Forward - 10.25.2002

Forward

Russians Register Extremist Party

 

By Lina Rozovskaya, Forward Correspondent 

MOSCOW — Jewish groups and civil rights organizations here are in an uproar over the government's decision to register an extremist party whose leaders have inveighed against "the common enemy, the Yid."

With its registration last month by the Russian Justice Ministry, the National Sovereign Party of Russia, or NDPR, became the first openly extremist party to be granted state registration, which allows for participation in regional and national elections, under a new law on political parties adopted last year.

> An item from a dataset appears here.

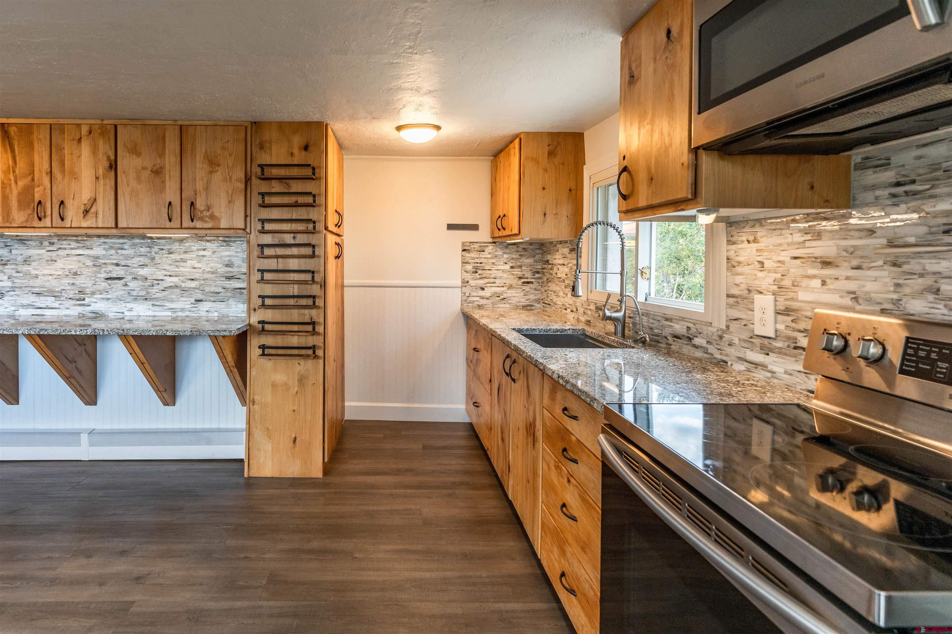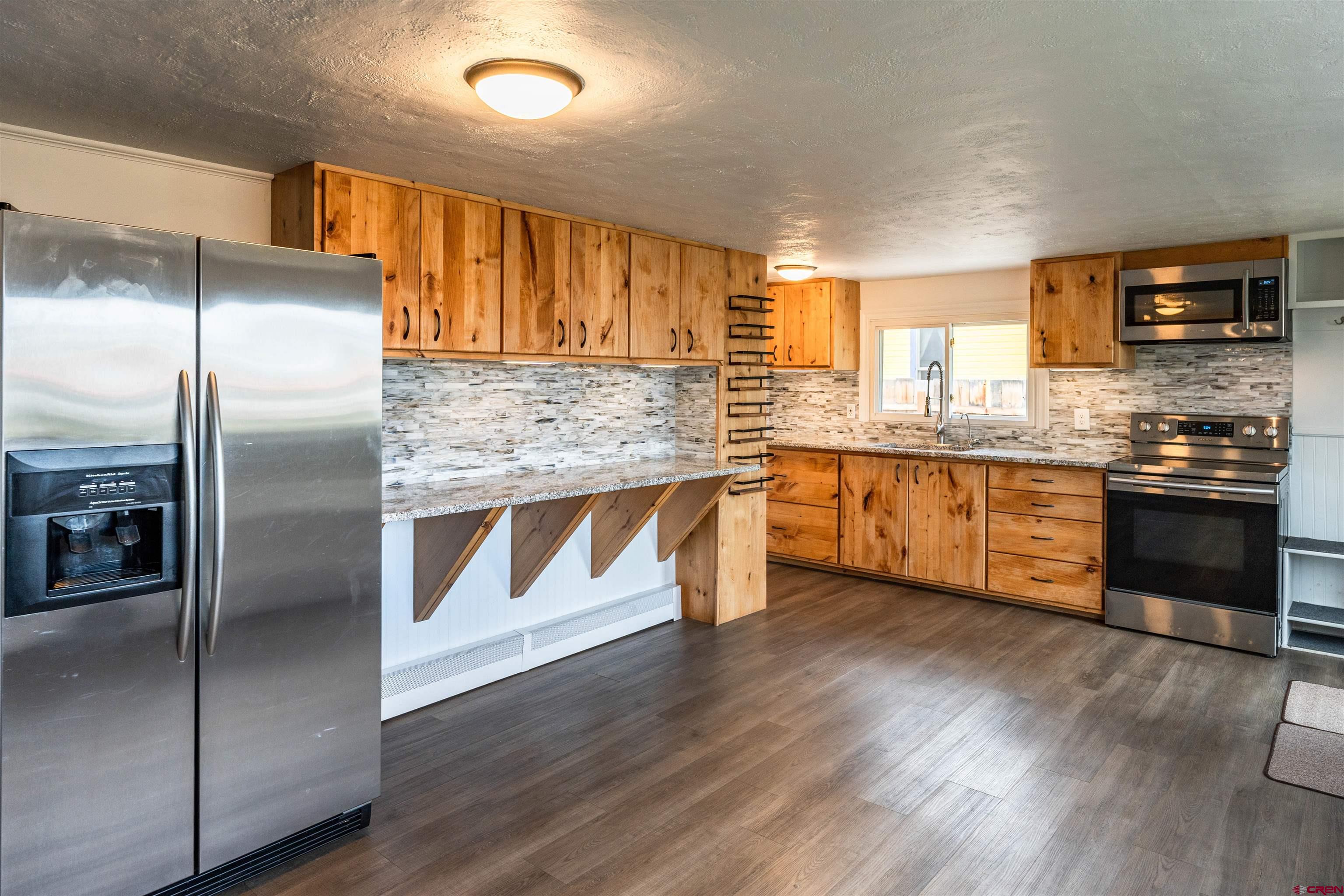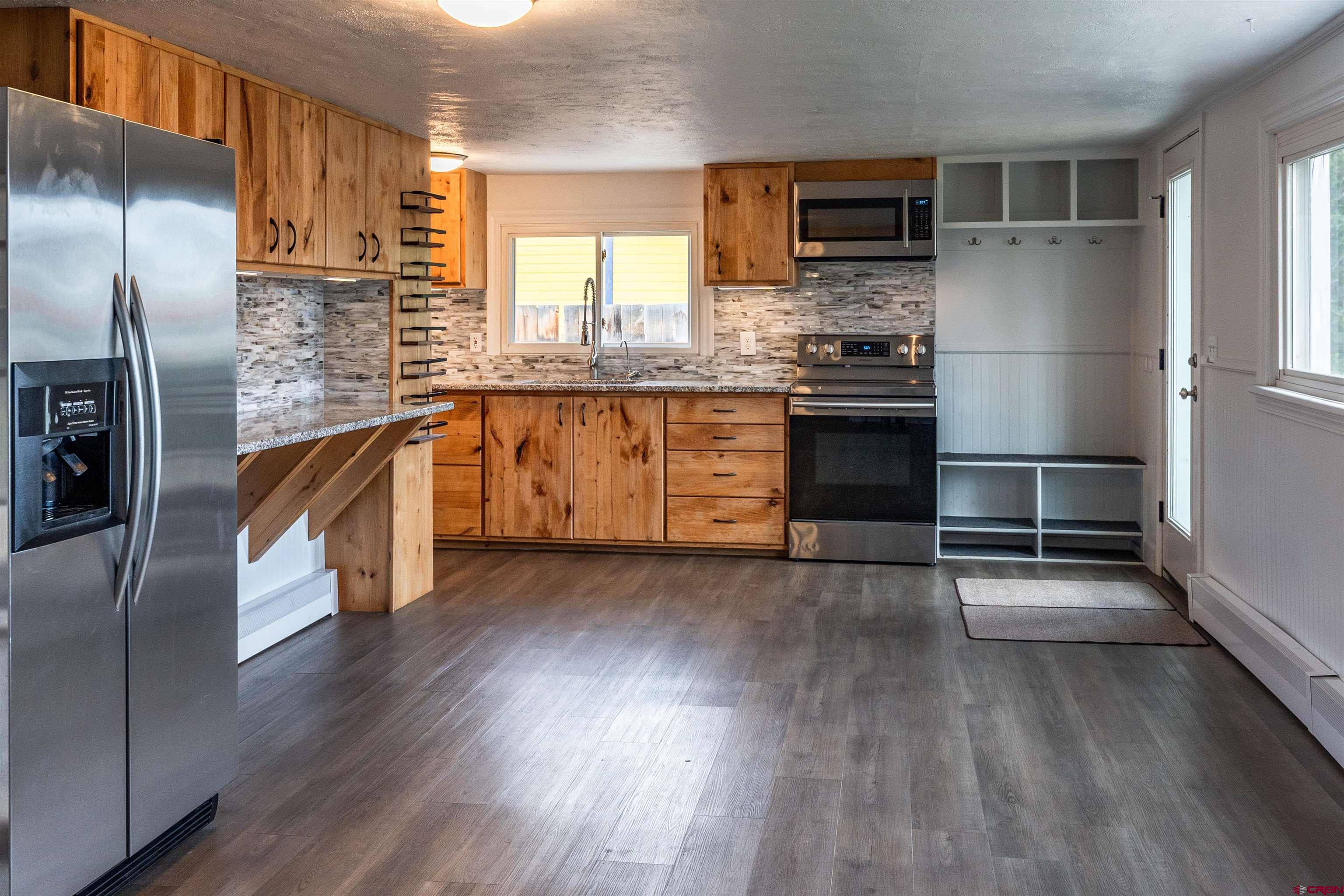 Welcome home! This turn key, single family home features 3 bedrooms and 2 bathrooms. This home is just over 1500 sq ft and centrally located to Downtown Gunnison. You'll love the updated kitchen with granite countertops, custom cabinetry and newer appliances. The primary bedroom has an en-suite and is located adjacent to the living area. The open floor plan is great for entertaining. The recently refreshed paint and newer vinyl plank flooring throughout help make this home move in ready. The two additional bedrooms and fully updated bathroom ensure there is space for everyone. Other home highlights: separate laundry/mechanical room, great outdoor space with an oversized concrete patio that is perfect for entertaining. Fenced in back yard with privacy fencing, and additional parking spaces off the alley for campers, trailers or guests. The shed is also included in sale. Residential within Commercial zoning offers future opportunities for accessory dwelling unit, detached shop or retail use. Neighbors on both sides are residential. Natural gas boiler efficiently runs the baseboard hot water heat system and has recently been serviced along with a new water heater. Property has been meticulously maintained by current owners and is available for immediate occupancy.

The registration caused an uproar in the Russian media, especially after the broadcast of an excerpt from a video of NDPR's inaugural congress held in February this year, in which one leader called for the fight against "the common enemy — the Yid." The party's official Web site includes the epigraph, "It must become the law of life in Russia — not an ounce of power to Yids."

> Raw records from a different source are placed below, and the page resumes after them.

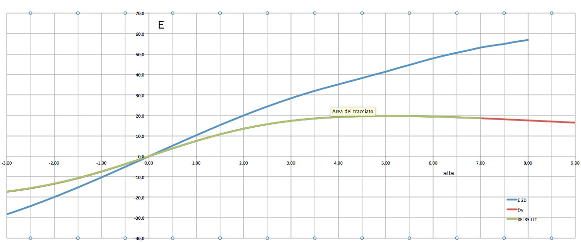 Buongiorno a tutti. Tempo fa scrissi un foglio di calcolo che ricavava la polare di un'ala ad allungamento finito partendo da una polare 2D come Xfoil. Credo che la procedura fosse quella della teoria della linea portante descritta da Galè nelle sue dispense. Una volta scoperto XFLR5 con la sua elaborazione LLT, che sfrutta la medesima teoria per il calcolo dell'ala isolata, ho provato a fare un confronto diretto con un'ala trapezoidale ad AR 6 profilo NACA 0018 a 15m/s. I risultati come si può vedere dal diagramma dell'efficienza (che racchiude dunque i parametri fondamentali di una polare) sono identici. La linea blu rappresenta la polare 2D, quella rossa l'elaborazione del mio foglio di calcolo e la verde i dati di XFLR5. Questo per mia consolazione. Ho avuto modo di accertare che il mio foglio non sputa numeri a caso. Lo stesso discorso non vale per il comportamento del Cm..Il Cm riportato dal mio elaborato è esattamente quello della polare 2D infatti conferma la natura pressochè neutra del profilo simmetrico. XLRF5 mi restituisce un andamento del CM che fa pensare ad un'ala perfettamente stabile anche se non può volare in quanto Cm 0 si ha solo ad CP 0. Qualcuno sa spiegarmi cosa mi sfugge? Grazie, Paolo.
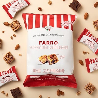 ファッロ 高プロテインバー(ショップ名:Grain on 公式ショップ)イタリア産ファッロにナッツ類をぎっしり。個包装&ひと口サイズで手軽に楽しめる。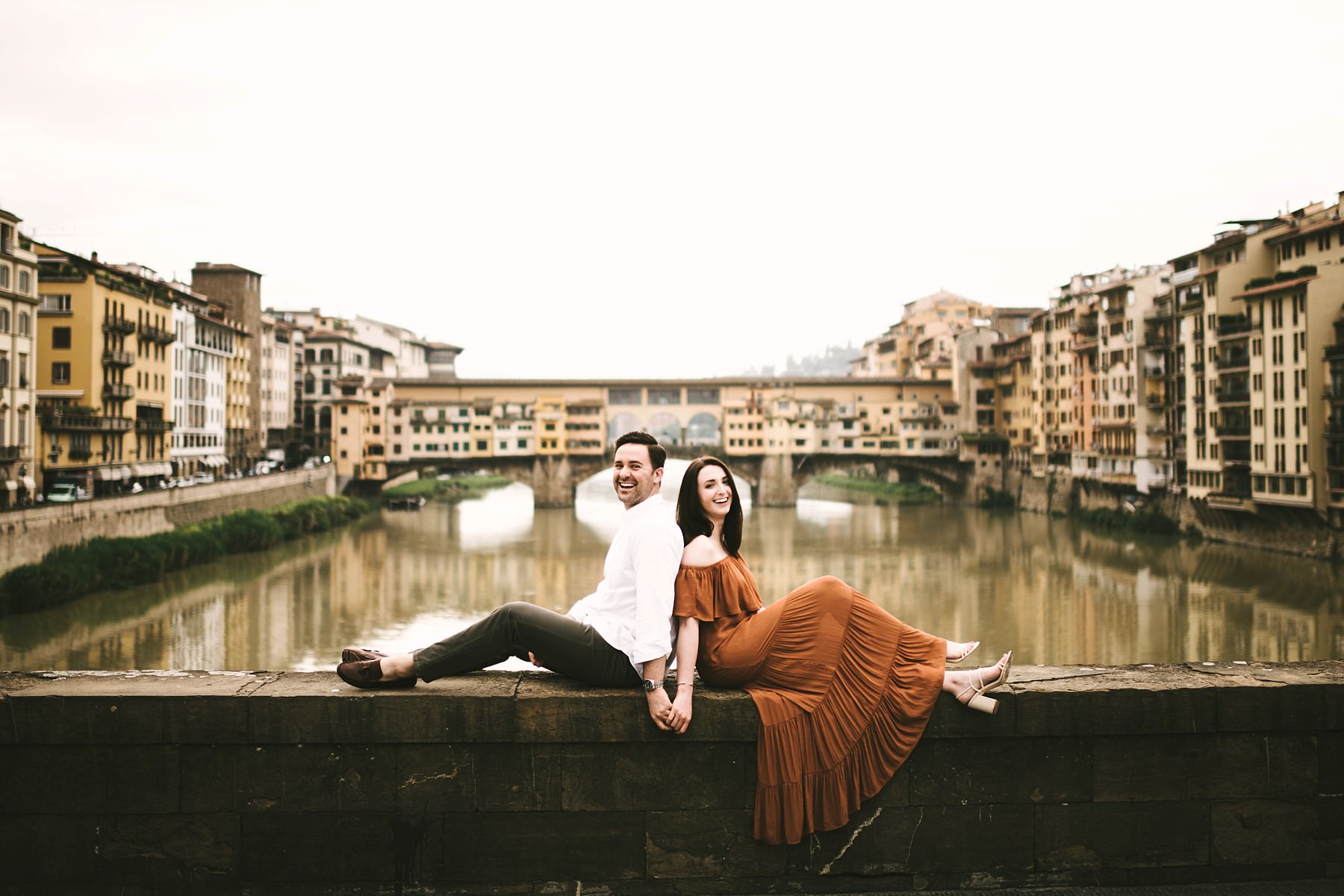 Gorgeous romantic and elegant couple portrait at Ponte Vecchio, Florence at sunrise time. Romantic experience with anyone around the couple. Photo by the Italian creative, elegant and modern photographer in Tuscany based Florence Gabriele Fani

"The registration of NDPR showed that Russian state was not immune to fascist ideology," said Alexander Brod, director of the Moscow bureau of the Union of Councils for Jews in the Former Soviet Union. Brod said that the party deliberately omitted extremist content in the documents it submitted for registration. "This means a green light for any ultra-nationalist party," he added.

Brod and other leaders of Jewish organizations in Moscow have expressed fear that NDPR's registration was a sign of official acceptance of xenophobia in Russia. However, the president of the Russian Jewish Congress, Evgeny Satanovsky, was more reserved in his commentary.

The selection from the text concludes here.